**Work instruction:**
Using the records below, transcribe exactly only the lines from the one with "通过有效的督导体系帮助学生管" through the end, both included, and drop every picture.

===== Data excerpts =====

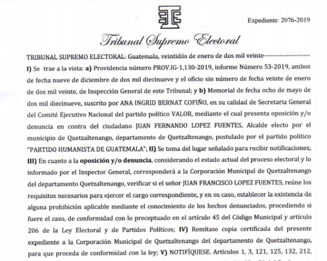 El 8 de mayo de 2018 el partido Valor denunció ante la Inspección General del Tribunal Supremo Electoral (TSE) investigar la inscripción de Juan Fernando López Fuentes como candidato a la alcaldía de Quetzaltenango. El jueves 20 de febrero les respondió: el concejo municipal debe resolver si el ahora alcalde reúne todos los requisito para ejercer el cargo.
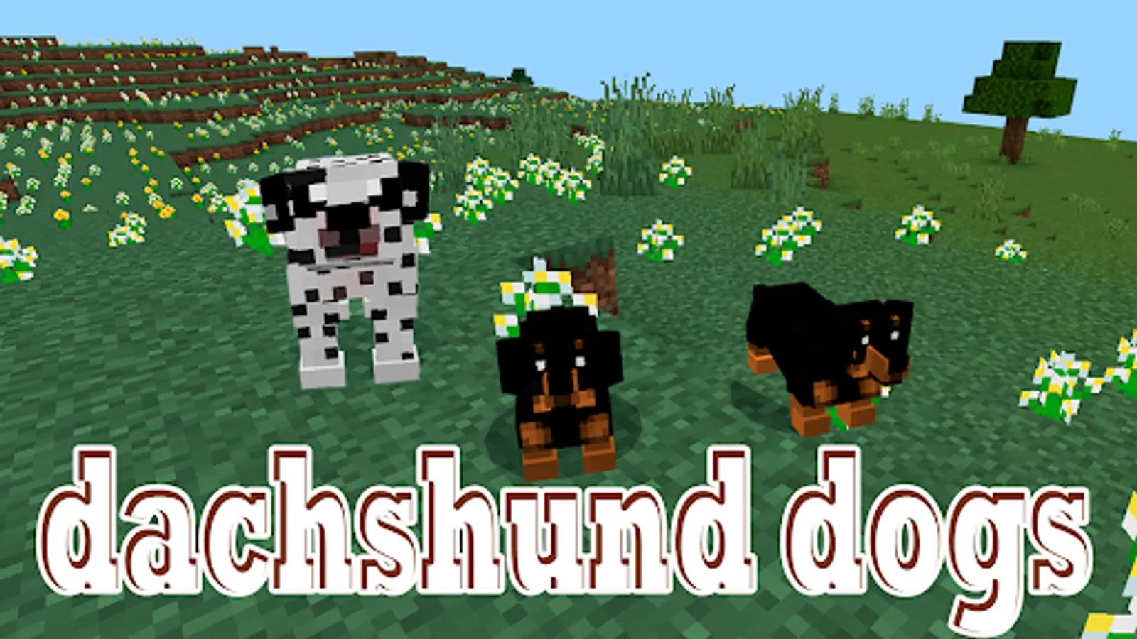 Dog pet game mod for Minecraft PE is an application that increases players' enjoyment of the game by allowing them to have a faithful and cute canine friend. There are over 30 different dog breeds available in the mod based on real breeds such as the Poodle, Chihuahua, Dalmatian, Husky and Pug, each with its own texture and coloring. The main function of the mod is to tame dogs craft, for which the player can feed his pet with bones or meat if you need to take care of his health. In addition, dogs can be used to extract resources and protect the player from opponents. Dog World mod has great voice acting that helps players immerse themselves in the game world and enjoy its gameplay. Players can play with their pet, train it, and take part in various challenges and adventures, allowing them to feel even more involved in their game. Overall, the Dog World mod allows players to add even more variety and depth to their gaming experience by allowing them to have a loyal and sweet canine friend who will always be there and ready to help at any moment.
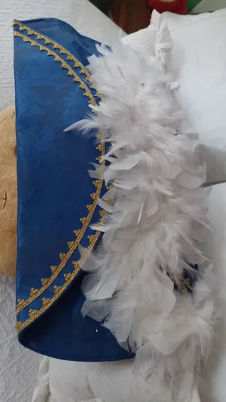 Conjunto de disfraz de pirata corsario con detalles dorados y adornos de plumas. - Chaqueta azul con bordes dorados. - Camisa blanca con volantes. - Sombrero de pirata con plumas blancas. Precioso disfraz, de buena calidad. Tela muy agradable y abrigada. Muy buen acabados. Detalles de puntilla y adornos dorados. Uns de las botas tiene un pequeño roto. NO ES TELA DE DISFRAZ
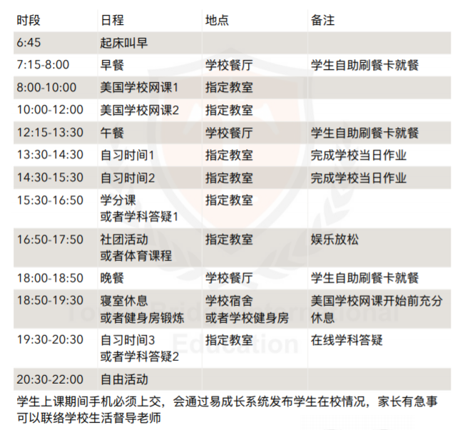通过有效的督导体系帮助学生管理时间,并提供丰富的美高辅助培优课程及多样的课外活动,让决定留在中国上美国学校网课的学生在中国校园的充分里增进交流,保持良好的学习状态和身心健康。
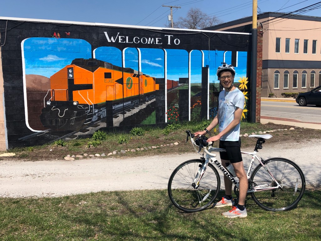The trail was popular with runners, walkers, and dogs with their owners pushing strollers. We passed families on wheels, rollerbladers, enthusiast cyclists, and were ourselves passed by many a semi-professional cyclist burning out their legs as they called ahead “on your left!” It was even with great curiosity that we witnessed pelotons in geese-like formation with matching uniforms calling out to each other and transitioning lead riders as they flew with the speed of a wind tunnel rushing past us. With the groups of peloton cyclists riding from the north end and our close proximity to the Chicago area, we knew that the Erie Lackawanna must be a travel destination for those who love to ride.

=====

**Final answer:**
通过有效的督导体系帮助学生管理时间,并提供丰富的美高辅助培优课程及多样的课外活动,让决定留在中国上美国学校网课的学生在中国校园的充分里增进交流,保持良好的学习状态和身心健康。
The trail was popular with runners, walkers, and dogs with their owners pushing strollers. We passed families on wheels, rollerbladers, enthusiast cyclists, and were ourselves passed by many a semi-professional cyclist burning out their legs as they called ahead “on your left!” It was even with great curiosity that we witnessed pelotons in geese-like formation with matching uniforms calling out to each other and transitioning lead riders as they flew with the speed of a wind tunnel rushing past us. With the groups of peloton cyclists riding from the north end and our close proximity to the Chicago area, we knew that the Erie Lackawanna must be a travel destination for those who love to ride.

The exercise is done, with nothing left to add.